Lama Tsundro came from Tibet. While in Tibet he did retreat in a cave for six years practicing Vajrasattva. His practice was continuous and he did not give up his practice or come out of the cave even when he ran out of food. His teacher said that by the power of his practice he would go to a place where they are speaking a different language and he would be able to benefit the people there.
He didn’t understand what his teacher was trying to say but later he found himself in this place called Munsong which was full of Nepalese people. They were practicing a shamanic tradition and conducting animal sacrifices. Lama Tsundro introduced the Buddhist path of nonviolence and the ten virtuous practices. By the strength of his own practice he stopped more than 1000 families from practicing sacrifices. These families also came to embrace the practices of non-violence and the ten virtuous actions.

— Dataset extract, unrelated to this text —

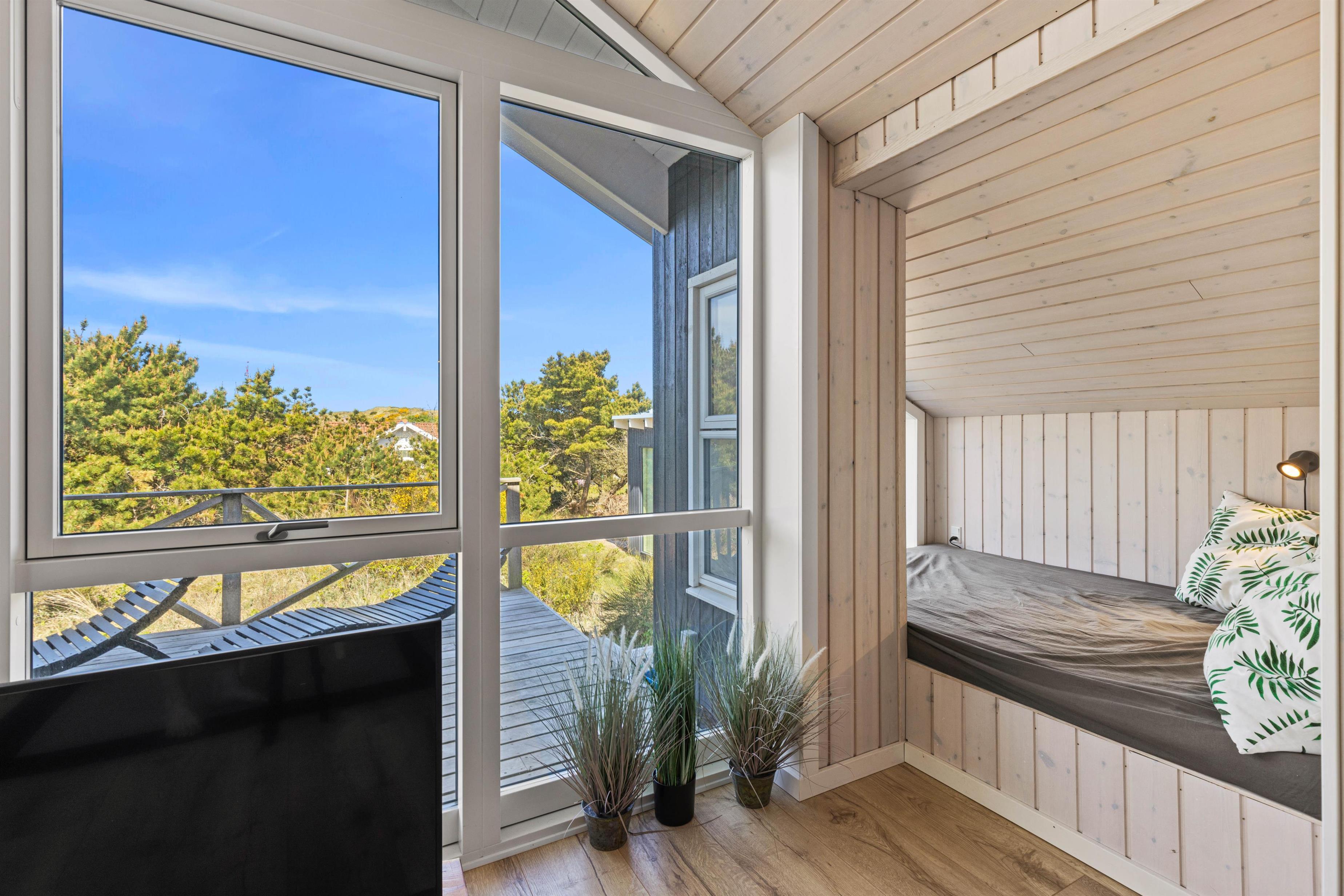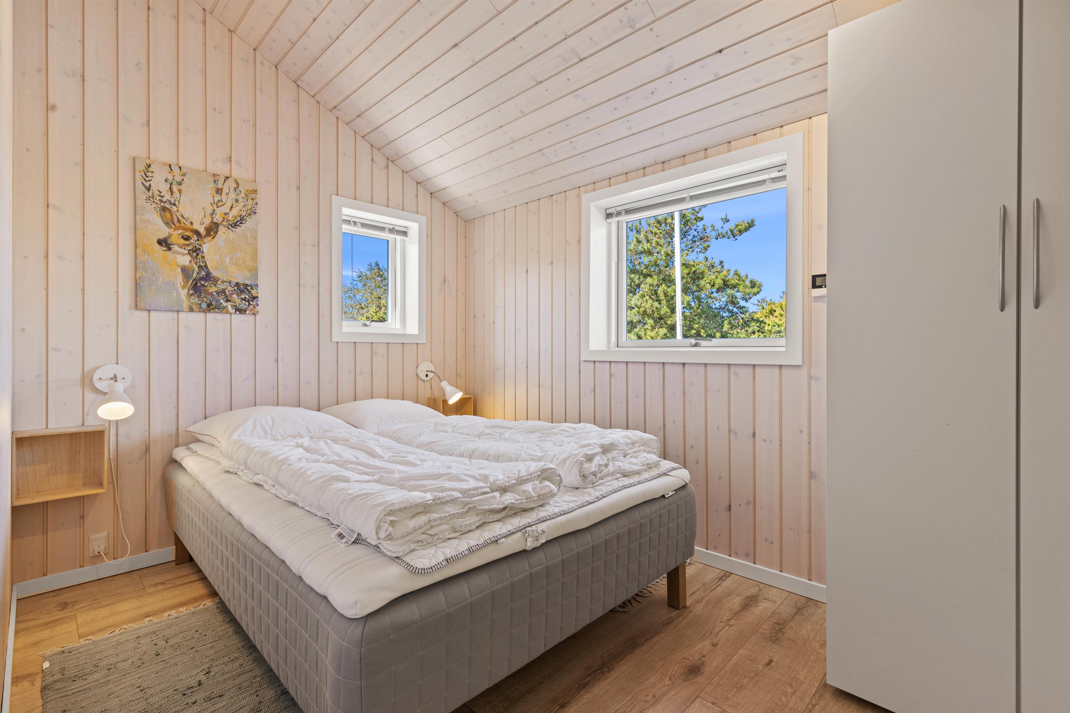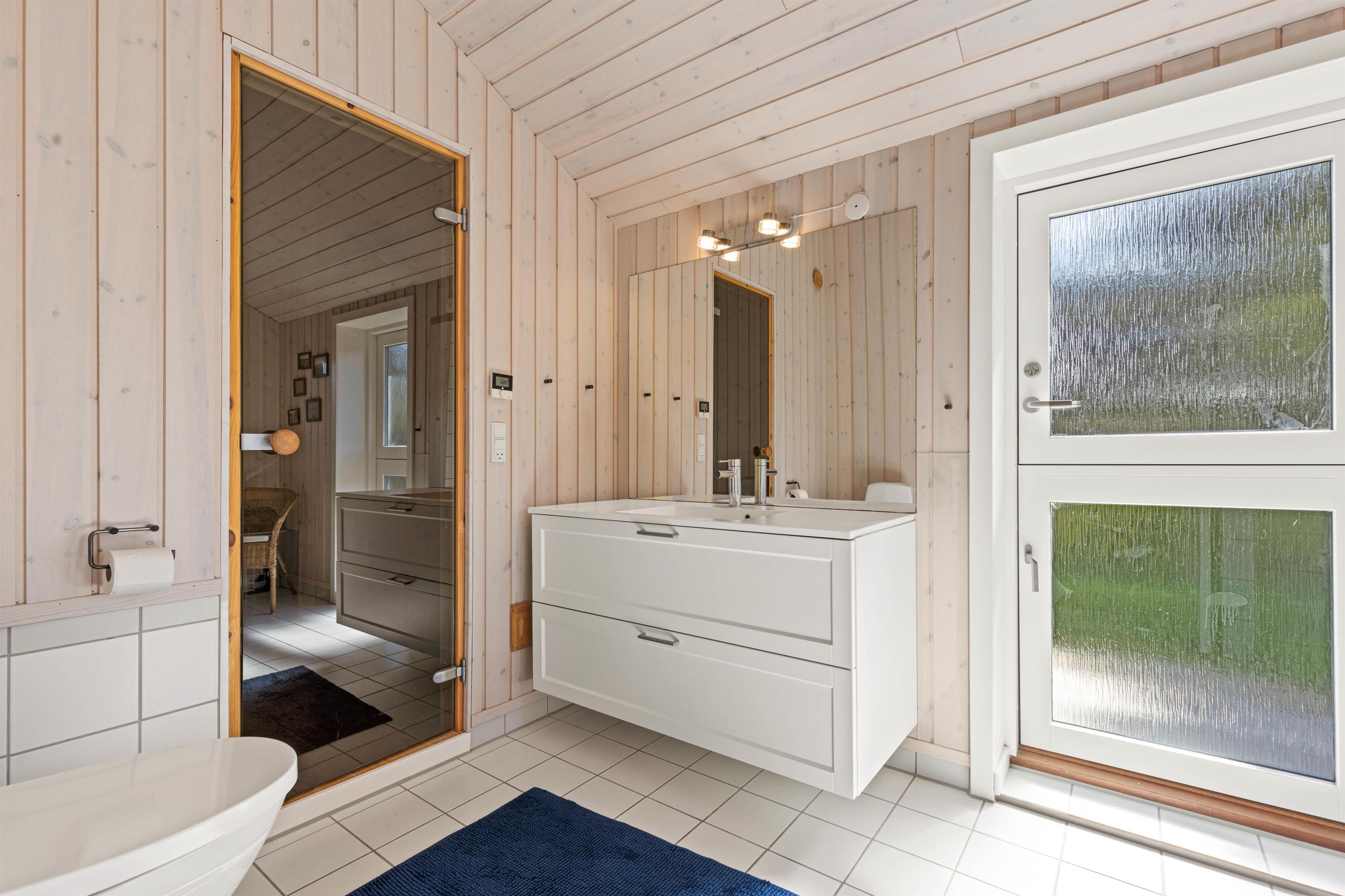 Fra badeværelset er der indgang til sommerhusets helt egen sauna, hvor I kan slappe af og samle ny energi på ferien. Læn jer tilbage i varmen efter en gåtur i den salte havluft eller rund dagen af med et saunabesøg, inden I kravler under dynen.

An older woman offered land for the dharma and Lama Tsundro developed the temple where people now gather to practice and study. The centre now supports six monks and two nuns as well as a few hundred devout Sikkimese and Nepalese country folk. There are now lots of young people showing interest in practice.
As of this morning, Lama Tsundro is still resting in meditation posture. His remains will be cremated on February 10th.
Changling Rinpoche has asked that we begin Guru Yoga and Mani recitations. There is a special blessing and power to practices done when a master passes away and it is a great opportunity to gather merit and purify negativities.